The lines below, from the one holding "Forgiveness comes from" through the one holding "Die luxuriöse Box.", are to be restated word for word, with all images left out.
[Material supplied Boundary: Start]
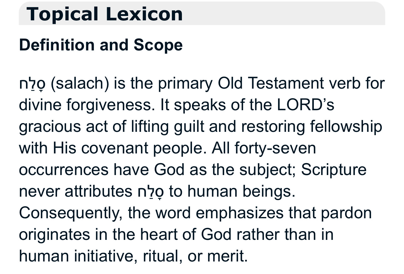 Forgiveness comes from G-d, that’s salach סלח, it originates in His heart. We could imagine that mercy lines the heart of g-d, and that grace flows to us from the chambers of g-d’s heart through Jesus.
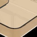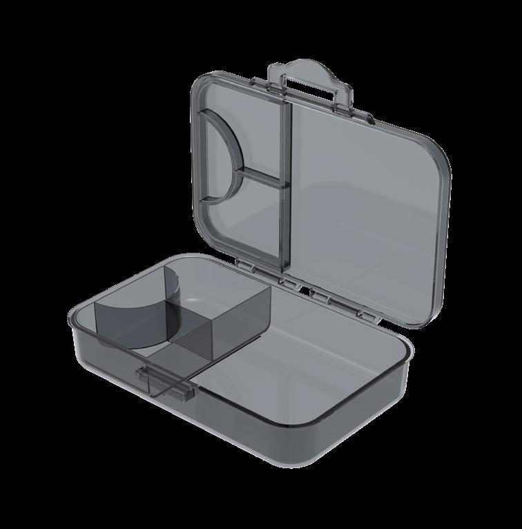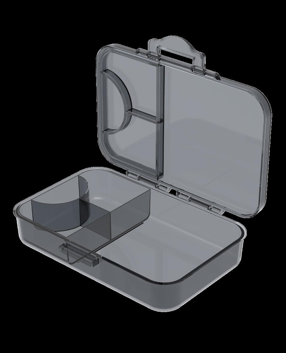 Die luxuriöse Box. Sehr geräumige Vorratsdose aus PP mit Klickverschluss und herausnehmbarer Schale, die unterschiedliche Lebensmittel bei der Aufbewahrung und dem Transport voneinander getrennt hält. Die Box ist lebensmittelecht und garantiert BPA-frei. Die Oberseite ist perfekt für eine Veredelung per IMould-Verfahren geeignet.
[Material supplied Boundary: End]
[Material supplied Boundary: Start]
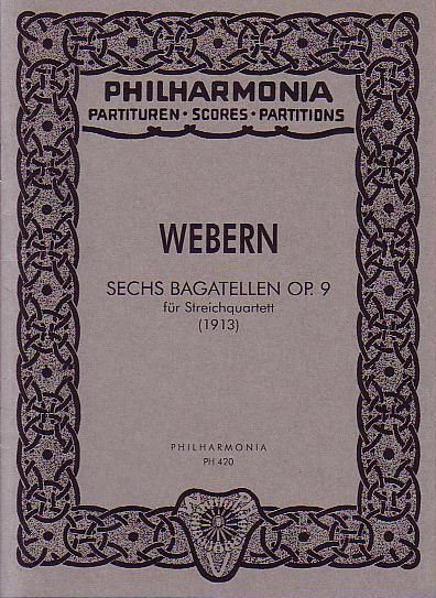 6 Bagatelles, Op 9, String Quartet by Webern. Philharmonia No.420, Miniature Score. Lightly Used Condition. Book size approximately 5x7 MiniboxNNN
[Material supplied Boundary: End]
- [Answer box]
 Forgiveness comes from G-d, that’s salach סלח, it originates in His heart. We could imagine that mercy lines the heart of g-d, and that grace flows to us from the chambers of g-d’s heart through Jesus.
 Die luxuriöse Box. Sehr geräumige Vorratsdose aus PP mit Klickverschluss und herausnehmbarer Schale, die unterschiedliche Lebensmittel bei der Aufbewahrung und dem Transport voneinander getrennt hält. Die Box ist lebensmittelecht und garantiert BPA-frei. Die Oberseite ist perfekt für eine Veredelung per IMould-Verfahren geeignet.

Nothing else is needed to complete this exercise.